## Your task
Write the data out again exactly, with every picture removed.

## Dataset content
- Opening Delimiter -
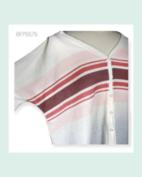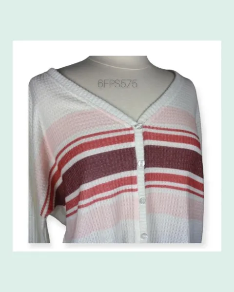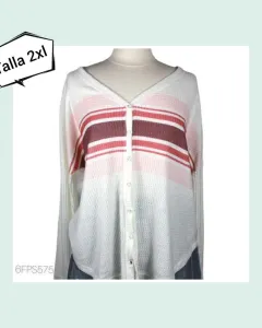 Suéter oversize a rayas. Bonito suéter con vivos rojizos, de botonsitos, ligerito.MedidasHombro a hombro 83cmAxila a axila 72.5Largo manga 40cmLargo 75.5cm
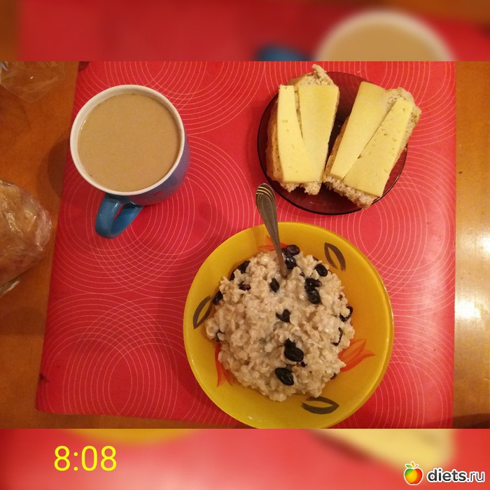 Овсянка на воде с изюмом, кофе со сливками, бутеры (отрубной хлеб+сыр)
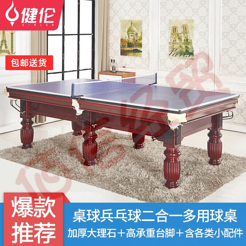 健倫(JEEANLEAN) 臺球桌 標準成人家用桌球臺美式黑八落袋臺球案二合一乒乓球 二合一球桌標配(金/銀/棕) 自營
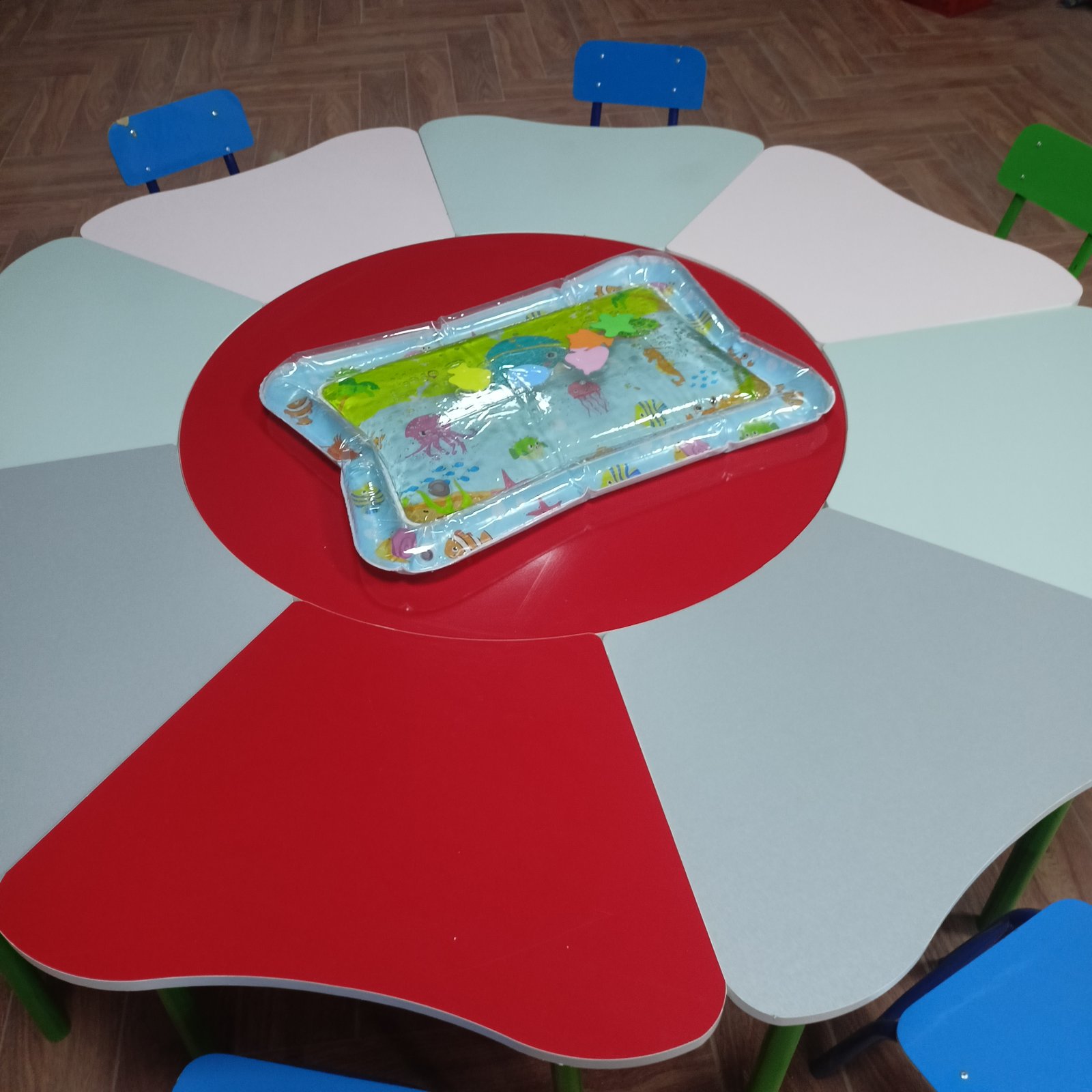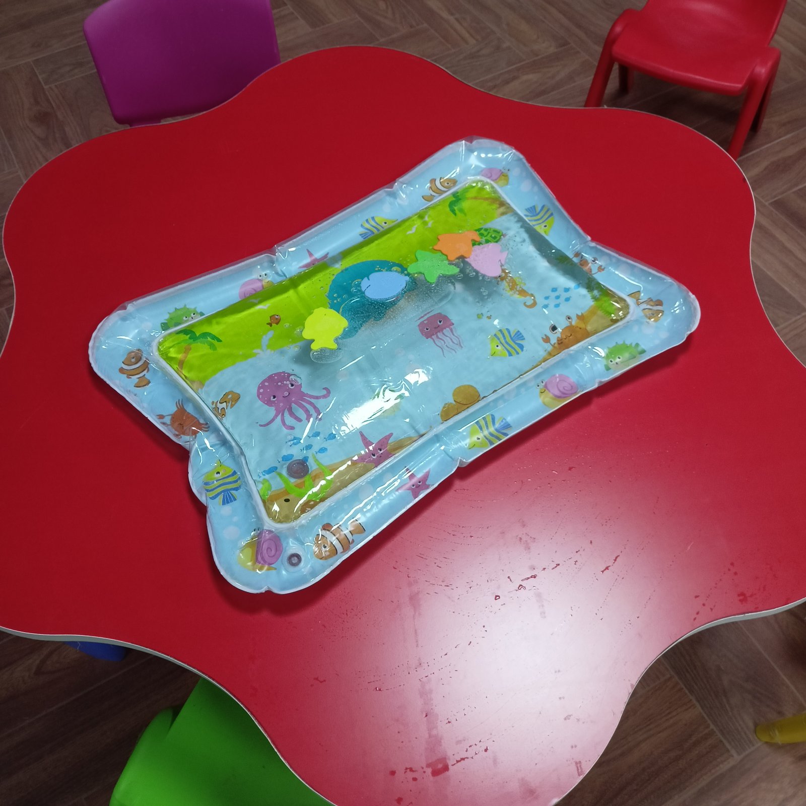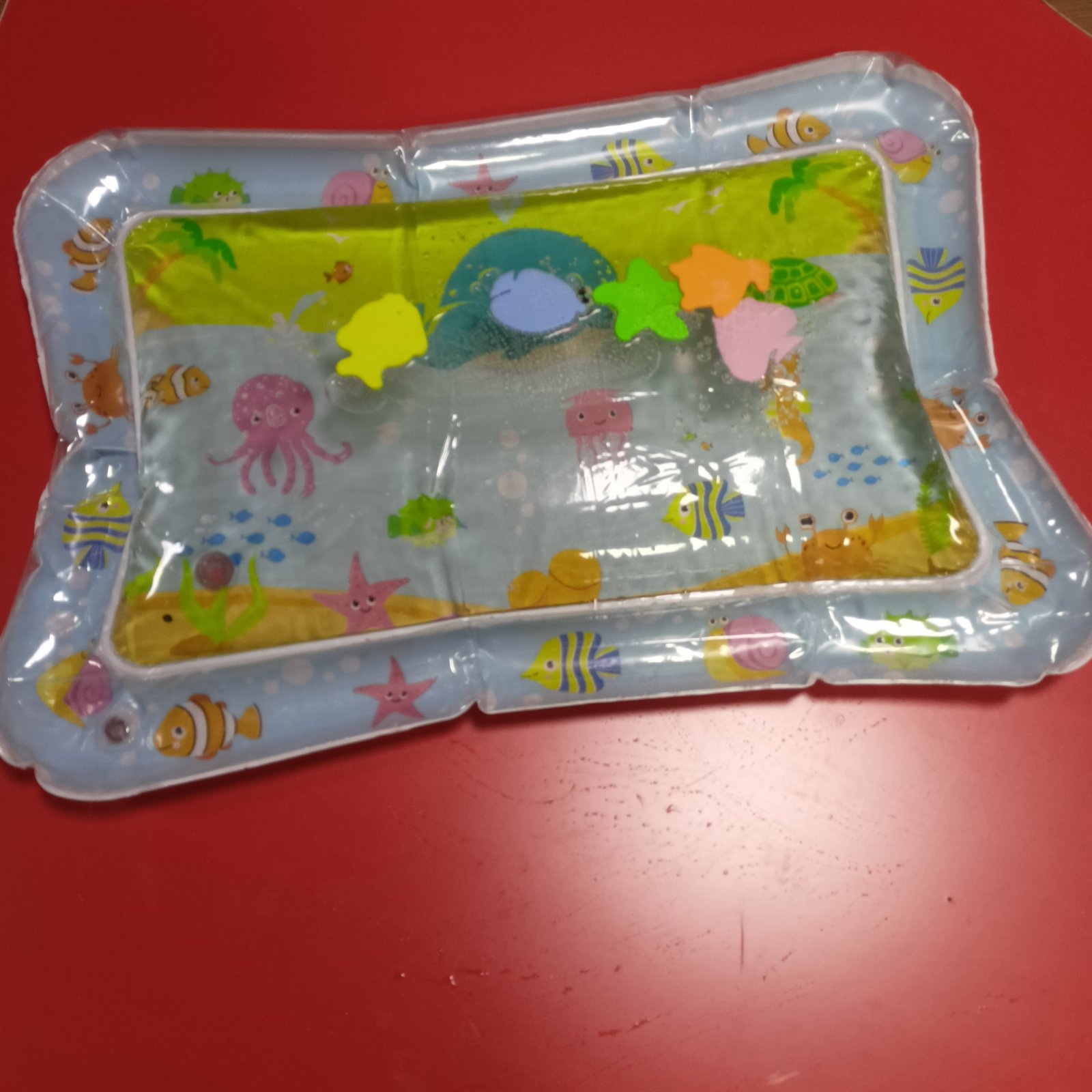 وسيلة حسية تساعد الطفل خلال وقت اللعب على البطن. تعمل على تقوية عضلات الجسم وتحفيز الحركة، كما تنمي الإدراك الحسي من خلال الماء والألوان والأشكال المتحركة داخل البساط.
- Closing Delimiter -
## Task solution
 Suéter oversize a rayas. Bonito suéter con vivos rojizos, de botonsitos, ligerito.MedidasHombro a hombro 83cmAxila a axila 72.5Largo manga 40cmLargo 75.5cm
 Овсянка на воде с изюмом, кофе со сливками, бутеры (отрубной хлеб+сыр)
 健倫(JEEANLEAN) 臺球桌 標準成人家用桌球臺美式黑八落袋臺球案二合一乒乓球 二合一球桌標配(金/銀/棕) 自營
 وسيلة حسية تساعد الطفل خلال وقت اللعب على البطن. تعمل على تقوية عضلات الجسم وتحفيز الحركة، كما تنمي الإدراك الحسي من خلال الماء والألوان والأشكال المتحركة داخل البساط.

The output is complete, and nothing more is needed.